What does that mean in a cloud environment like EC2? Every EC2 region is divided into AZs which use separate infrastructure (power, networking, etc.). Because N2WS uses EBS snapshots you will be able to recover your EC2 servers to other AZs. N2WS’s DR is based on AWS’s ability to copy EBS snapshots between regions and allows you the extended ability to recover instances and EBS volumes in other regions. You may need this ability if there is a full-scale outage in a whole region. But it can also be used to migrate instances and data between regions and is not limited to DR. If you use N2WS to take RDS snapshots, those snapshots will also be copied and will be available in other regions.
- DynamoDB Tables - DR for DynamoDB tables is currently not supported by AWS.
- Redshift Clusters - Currently N2WS does not support DR of Redshift clusters. If you enable DR on a policy containing Redshift clusters, they will be ignored at the DR stage. You can enable copying Redshift snapshots between regions automatically by enabling cross-region snapshots using the EC2 console.
In the DR Options screen, configure the following, and then select Save.
- Enable DR – Select to display additional fields.
- DR Frequency (backups) – Frequency of performing DR in terms of backups. On each backup, the default is to copy snapshots of all supported backups to other regions. To reduce costs, you may want to reduce the frequency. See section 11.4 for considerations in planning DR.

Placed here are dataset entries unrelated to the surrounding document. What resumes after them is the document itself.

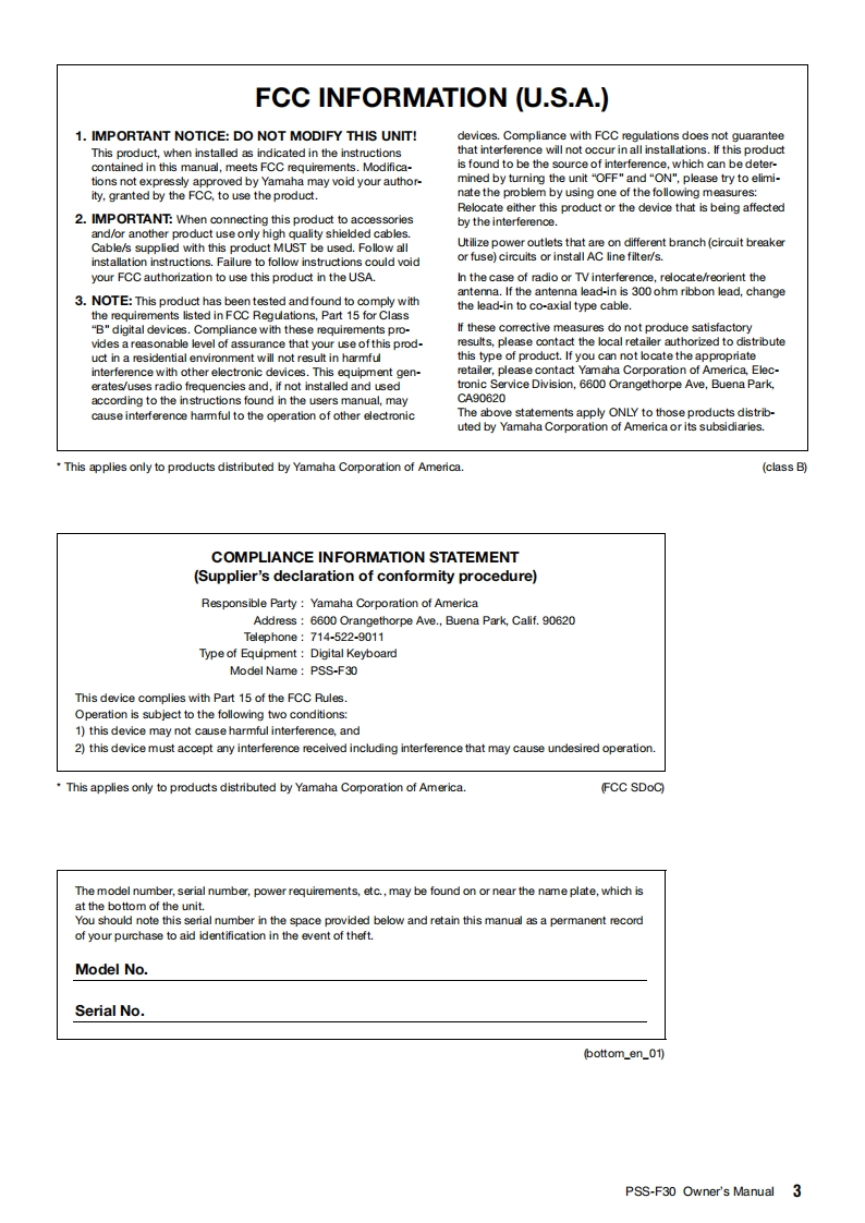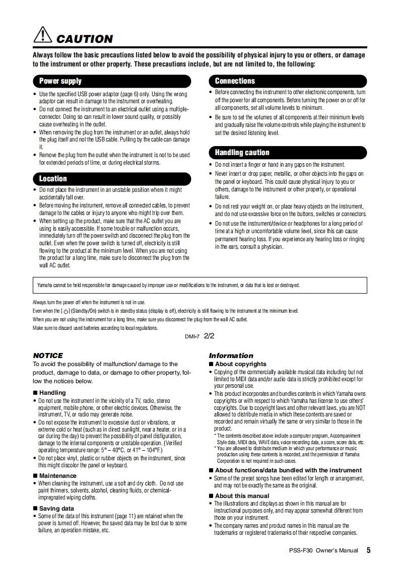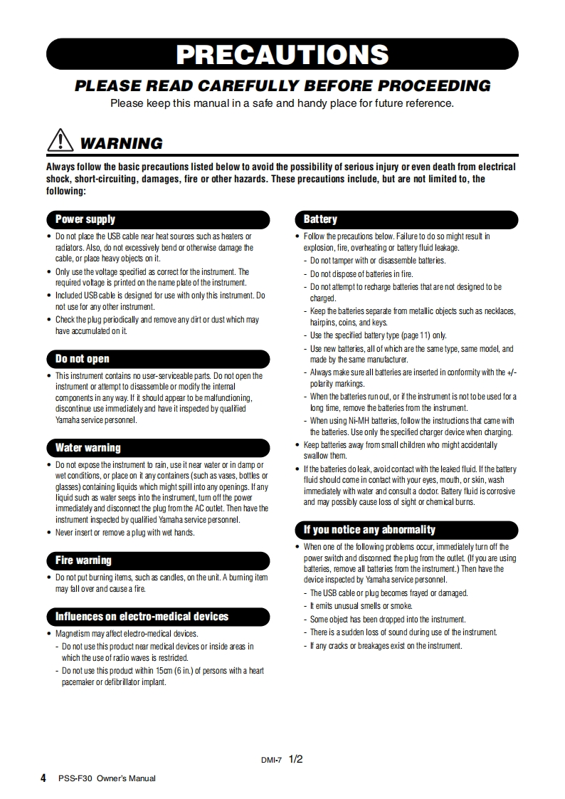 YAMAHAPSS-F30DIGITAL KEYBOARD口Owner's ManualThank you for purchasing this Yamaha Digital Keyboard!This instrument is a portable keyboard featuring a wide variety of sounds and functions.We recommend that you read this manual carefully so that you can fully take advantage of the advanced and convenientfunctions of the instrument.We also recommend that you keep this manual in a safe and handy place for future referenceBefore using the instrument,be sure to read "PRECAUTIONS"on pages 4-5.日EN
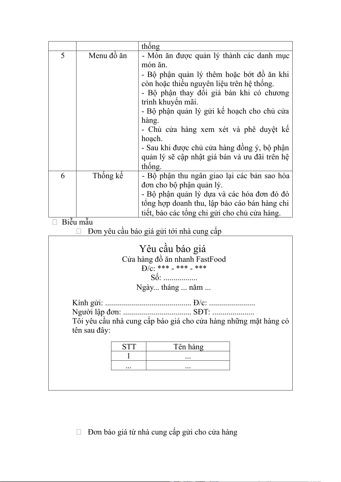 Tôi yêu cầu nhà cung cấp báo giá cho cửa hàng những mặt hàng có tên sau đây: STT Tên hàng 1 ... ... ...
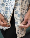 腕が上がらない・上げづらい方でも楽に着脱できる前開きファスナーのチュニック。肩側はマジックテープ仕様で着脱が簡単。腰周りをカバーできる安心丈。背中が曲がっている方にもお勧めです。肩のマジックテープを留めたままファスナーを開ければ、診察や授乳時にも活躍できます。肌にファスナーが直接当たらない仕様や、片側ポケット、露出ひかえめな安心首周りで、お名前タグ付き。あったら良いなを形にしたデザインです。
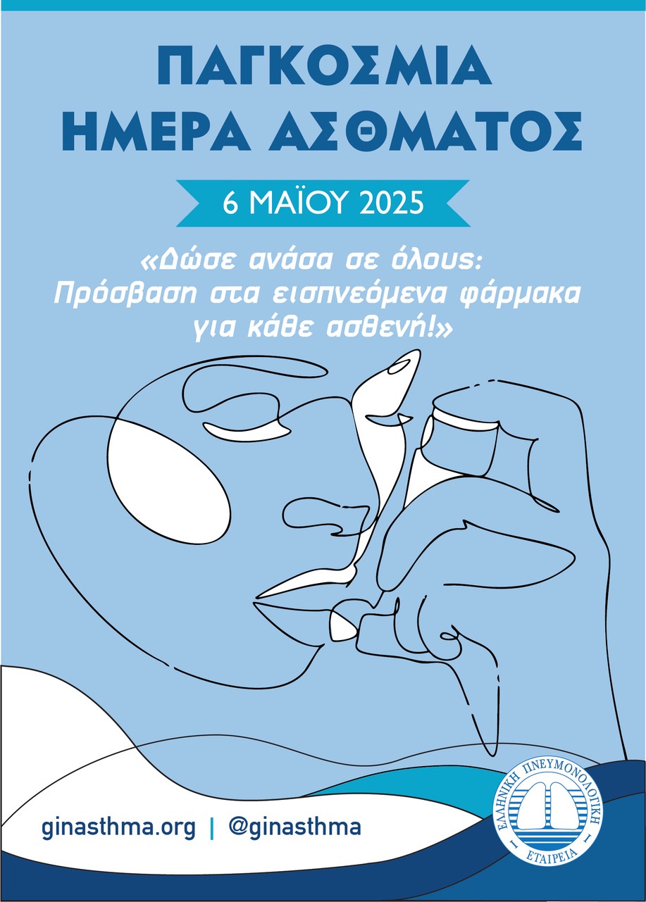 Η Ομάδα Εργασίας για το Βρογχικό Άσθμα της Ελληνικής Πνευμονολογικής Εταιρείας (ΕΠΕ) διοργανώνει ενημερωτική διαδικτυακή εκδήλωση ανοιχτή προς το κοινό με αφορμή τη σημερινή Παγκόσμια Ημέρα Άσθματος (6 Μαΐου 2025).
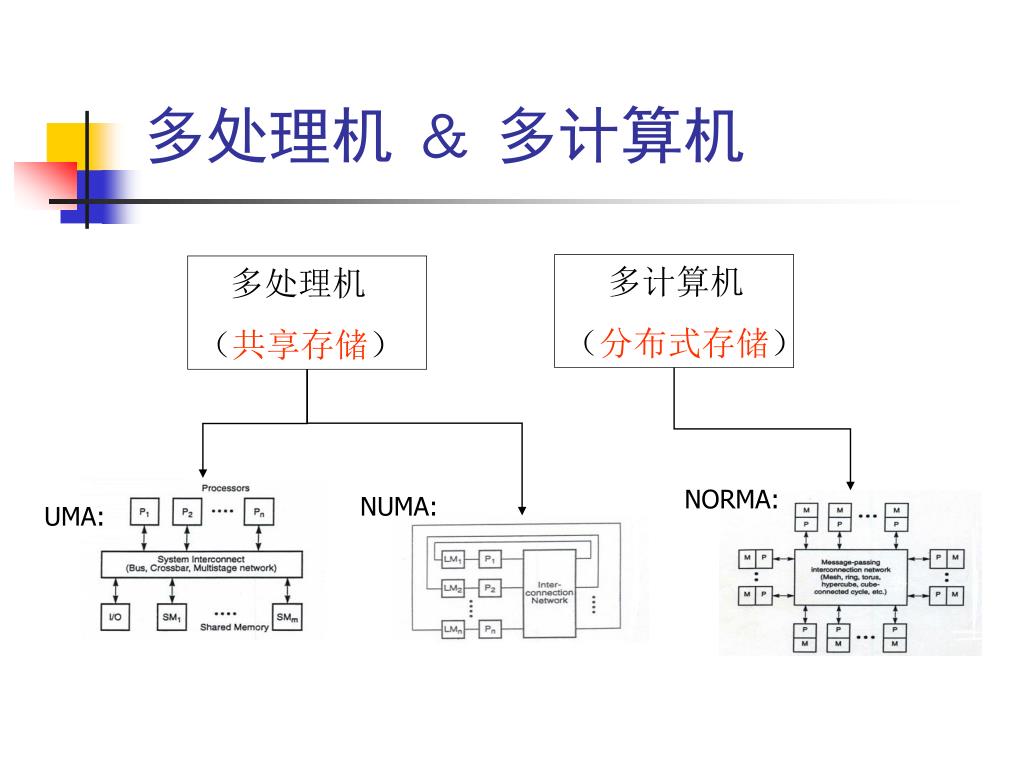 多处理机 & 多计算机 UMA: NORMA: NUMA: 多计算机 (分布式存储) 多处理机 (共享存储)

- DR Timeout (hours) – How long N2WS waits for the DR process on the policy to complete. DR copies data between regions over a WAN (Wide Area Network) which can take a long time. N2WS will wait on the copy processes to make sure they are completed successfully. If the entire DR process is not completed in a certain time frame, N2WS assumes the process is hanging and will declare it as failed. Twenty-four hours is the default and should be enough time for a few 1 TiB EBS volumes to copy. Depending on the snapshot, however, you may want to increase or decrease the time.
- Target Regions – List of regions of region or regions that you want to copy the snapshots of the policy to.

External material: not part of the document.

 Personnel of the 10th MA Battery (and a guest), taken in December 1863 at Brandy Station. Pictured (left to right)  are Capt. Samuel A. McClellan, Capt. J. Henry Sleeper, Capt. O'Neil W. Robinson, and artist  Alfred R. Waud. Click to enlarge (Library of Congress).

Things to know about the DR process:
- N2WS’s DR process runs in the background.
- It starts when the backup process is finished. N2WS determines then if DR should run and kicks off the process. In the Backup Monitor, you will see the ‘In Progress’ status.
- N2WS will wait until all copy operations are completed successfully before declaring the DR status as Completed as the actual copying of snapshots can take time.
- As opposed to the backup process that allows only one backup of a policy to run at one time, DR processes are completely independent. This means that if you have an hourly backup and it runs DR each time, if DR takes more than an hour to complete, the DR of the next backup will begin before the first one has completed.
- N2WS will keep all information of the original snapshots and the copied snapshots and will know how to recover instances and volumes in all relevant regions.
- The automatic retention process that deletes old snapshots will also clean up the old snapshots in other regions. When a regular backup is outside the retention window and its snapshots are deleted, so are the DR snapshots that were copied to other regions.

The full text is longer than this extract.